Inspirational Consumer: June 2004
Charlie Stone, New Zealand
My name is Charlie and many people I know talk about Lovemarks. It wasn’t until the Beatles popped up in the top ten on Lovemarks.com that I fully understood the Lovemark concept.
From an advertising perspective, how utterly amazing to have product brands keep the company of such endearing touchstones as the Beatles and Dr. Seuss. All the nominations that seem strange, well... they deserve revisiting in this new light. The cynical tend to focus on one angle, that companies are being told by their advertisers to give them better products to sell. They don’t get it and never will. The enthusiasts, on the other hand, realise that “Lovemark” is just terminology... recognition of a great product.
Many first-time site visitors seem to be confused as to what exactly a Lovemark is. But when they see the brilliant Love-Respect axis, the penny drops. I am a dedicated consumer with unique tastes and requirements.
I have had my curiosity aroused by about fifty nominated Lovemarks that I didn’t know beforehand, as well as getting a great deal of satisfaction reading stories about the ones I already knew and agreed with (but found it had already been said better than I could). There are a few more destinations now on my next year’s consumption itinerary.

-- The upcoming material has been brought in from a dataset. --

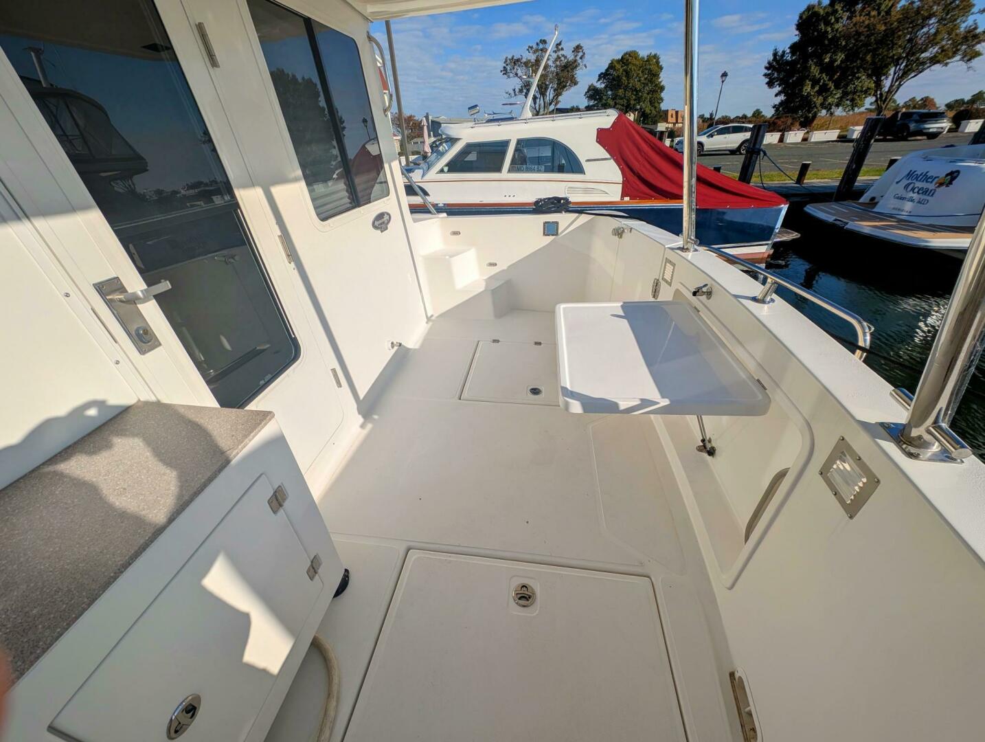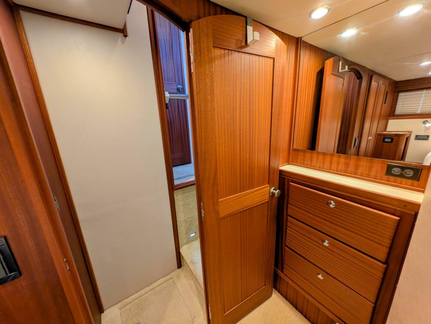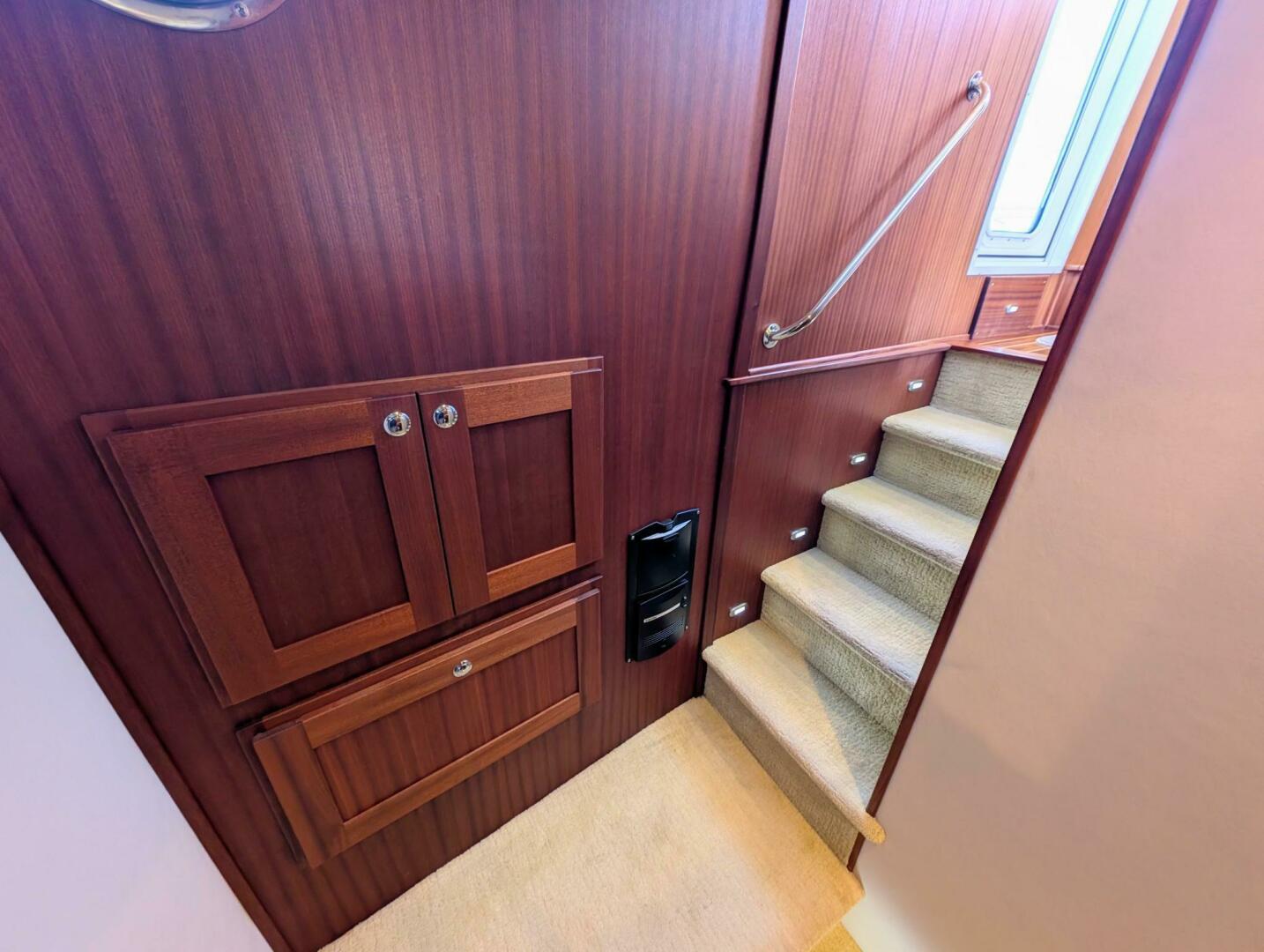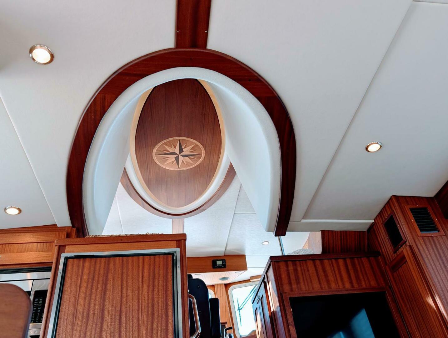 - Raised Pilothouse: A key feature, offering excellent sight lines, a helm seat on centerline, and a large settee to port (which can double as a watch berth). It includes port and starboard access doors and access to the flybridge/boat deck.

I believe the Lovemark concept is tremendously powerful. From companies to governments to marriages in trouble, the whole world can benefit from a large dose of the “make me love you again” concept. But conspicuously being driven too hard by advertisers could be fatal. Kevin Roberts has laid this out clearly, several times referring in his speeches to the ball being in the court of the companies producing the goods. Lovemarks has been the most refreshing example of a good virus in years.